Background information
- Born: May 17, 1955 (age 71) Brooklyn, New York, U.S.
- Genres: Hard rock, heavy metal
- Occupation: Keyboardist
- Years active: 1980s–present
- Website: claudeschnell.com

= Claude Schnell =

American keyboardist (born 1955)

Claude Schnell (born May 17, 1955) is an American keyboardist who has been a member of the bands Magic, (Note: The band Magic that Claude Schnell was a member of wasn't the band that released the song "Rude".) Rough Cutt, Dio, and Last in Line.

== Biography ==
Born in Brooklyn, New York, and raised in France, when he was six years old his family moved back to New York, and Schnell immersed himself in the traditional classical piano curriculum of private lessons, practice and recitals.

As he was growing up, with the impact of artists like Jimi Hendrix playing in the Village, Humble Pie at the Fillmore and Zeppelin at Madison Square Garden, Schnell discovered rock and roll.
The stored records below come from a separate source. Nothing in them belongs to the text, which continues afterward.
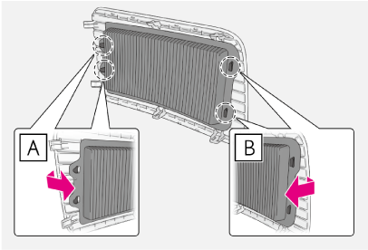 誤った取り扱いをすると、吸入口カバーまたはフィルターが損傷するおそれがあります。ご自身での清掃に不安がある場合は、レクサス販売店にご相談ください。
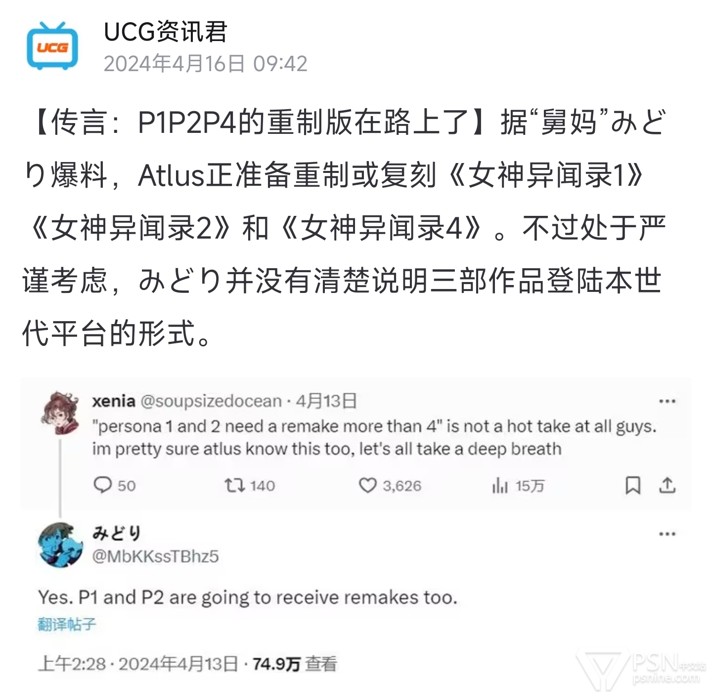 至于p4,完全重制可以接受,只要不搞钉宫250,咱们就是好朋友
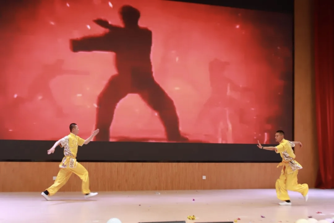 典礼结束后,由学院学生会和大学生艺术团、青春禁毒社联袂打造的迎新晚会精彩上演。晚会融合歌舞、朗诵、武术、器乐、快板等多种形式,深受同学们喜欢,师生携手挥舞荧光棒,将现场气氛推向高潮。
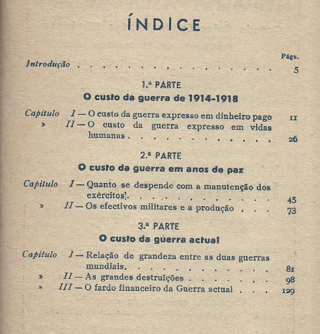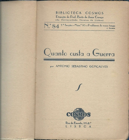 QUANTO CUSTA A GUERRA. *** António Sebastião Gonçalves *** Lisboa: Cosmos, 1945. Colecção: Biblioteca Cosmos – N.º 84; 7.ª Secção – Núm.º 10 – Problemas do nosso tempo, c) Sociais. (19 x 13 cm.) com 140 + [4] pp. Capa flexível. Exemplar razoável. Capa com marcas de manuseamento, algumas manchas, um pouco escurecida e algo gasta nas margens e na lombada, que se encontram também um pouco amachucadas em alguns pontos e apresentam mesmo pequenos rasgões, de muito reduzida importância. Apesar de tudo, de um modo geral, encontra-se ainda em decente estado de conservação. Páginas globalmente bem conservadas e limpas, mas amarelecidas e com algumas manchas de acidez (raras). Algumas folhas apresentam também irregularidades nas margens por terem sido abertas de maneira descuidada. *** Primeira edição deste estudo que procura essencialmente avaliar as consequências financeiras e económicas da guerra, tendo como referências fundamentais as duas Grandes Guerras Mundiais. (Índice na imagem 4). *** Portes: envio gratuito em correio normal (tarifa especial para livros) * envio em correio registado: 1,70
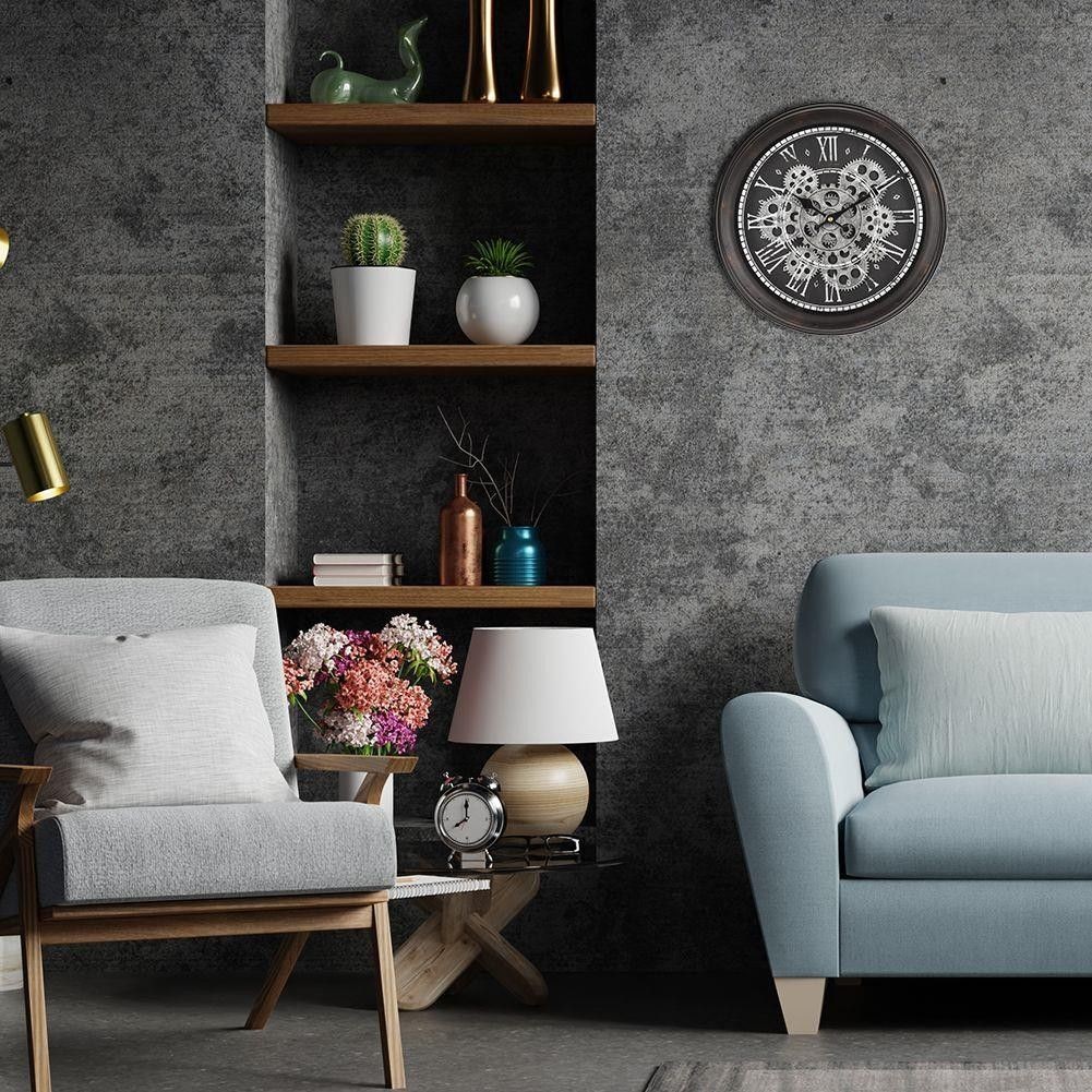 Az órát a valós időben mozgó fogaskerekekkel ellátott loft mechanizmus jellemzi. Az óra alkalmas ipari stílusban díszített belső térbe, tökéletes ajándék ötlet a kortárs tárgyak kedvezőknek. 1,5 V-os AA elemmel működik, amelyet a csomag nem tartalmaz. Az óra átmérője 35 cm, így könnyen falra szerelhető.
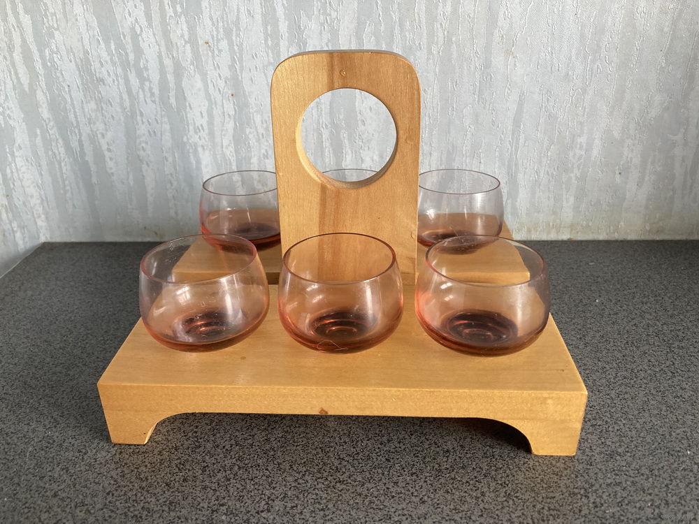 95/ Размер подставки 170х155х130 мм Размер рюмки диаметр 40 мм, высота 45 мм. Стекло вишневого цвета.
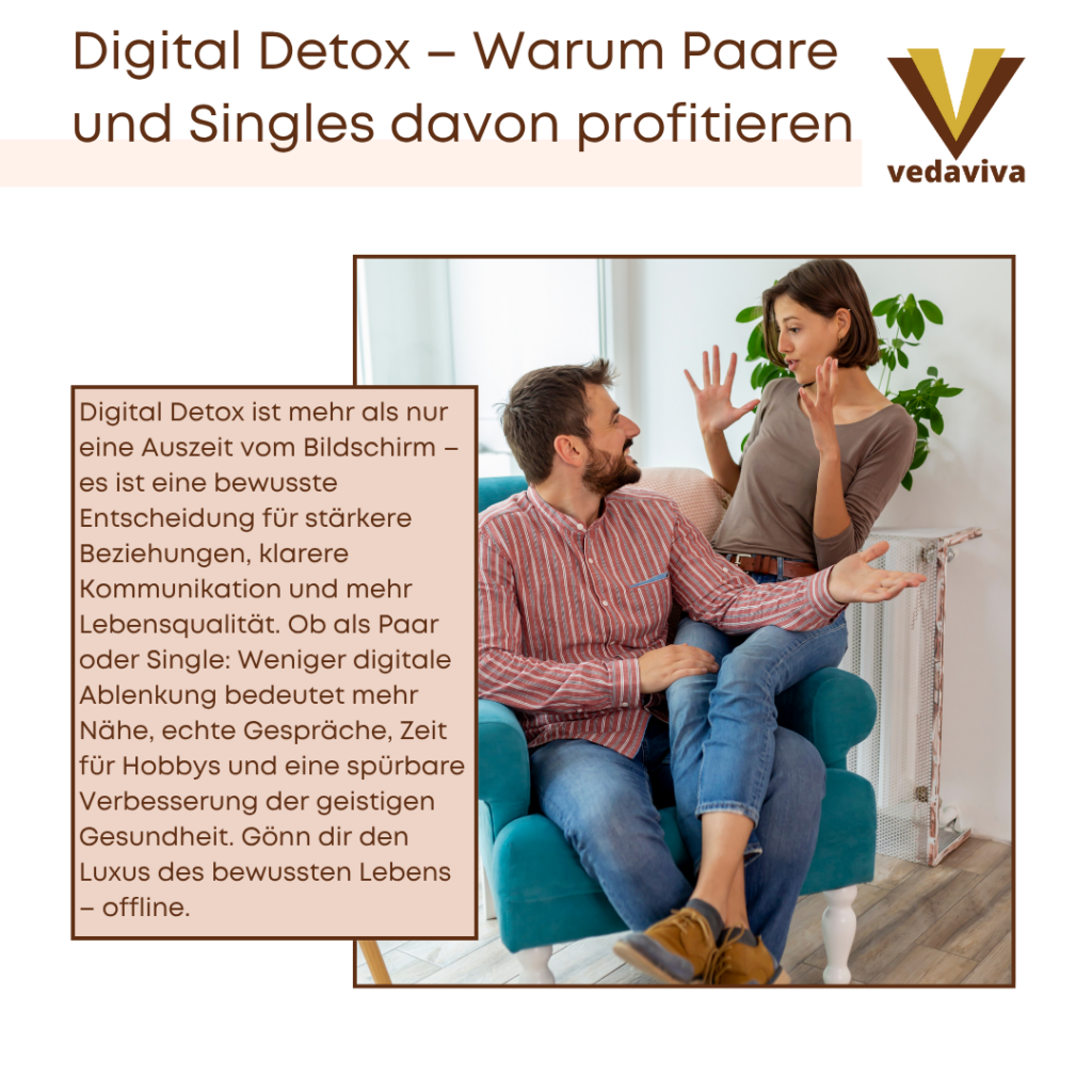 Overall, digital detox for couples and singles can help to improve their relationships and mental health, have more time for hobbies and interests and achieve a better work-life balance. It can also help improve the ability to communicate and live more consciously in the real world.
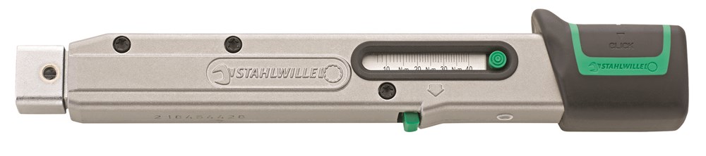 Klikkend, inwendig vierkant voor verwisselbare insteekgereedschappen, bliksemsnelle instelling, dubbel-stop-signaal,schaalverdeling in Nm, terugstelling naar “0” is niet noodzakelijk, daar het meetelement alleen bij het aanhalen wordt belast, linksomgebruik d.m.v. het omdraaien van de insteekgereedschappen, doortrekken na de ''klik'' of belasting tegen de functierichting in, bijv. het lostrekken van vastzittende bouten, hebben geen invloed op het meetmechanisme, d.w.z. het mechanisme wordt niet beschadigd, kalibratie met de perfectControl kalibratiebank nr. 7794 of de kalibreerinstallatie nr. 7706, indien nodig te justeren zonder demontage, met certificaat, weergave-afwijking ± 4 %.

He maintained the discipline of his Classical studies, he also began playing in a wide assortment of bands.

Schnell left New York City to spend several years in Buffalo where more long-term musical friendships were forged, most notably with bass players Billy Sheehan and Joe Cristofanilli, and drummer Pete O'Donnell.

Schnell arrived in Los Angeles in the early 1980s, where he was a founding member of two rock bands: Magic and Rough Cutt.

By 1983, Schnell's musical diligence and precision had earned him a reputation as one of L.A.'s most serious and well-respected players. Schnell joined Dio in May 1983. Schnell first played with Dio on the Holy Diver tour, though he did not play on the album itself.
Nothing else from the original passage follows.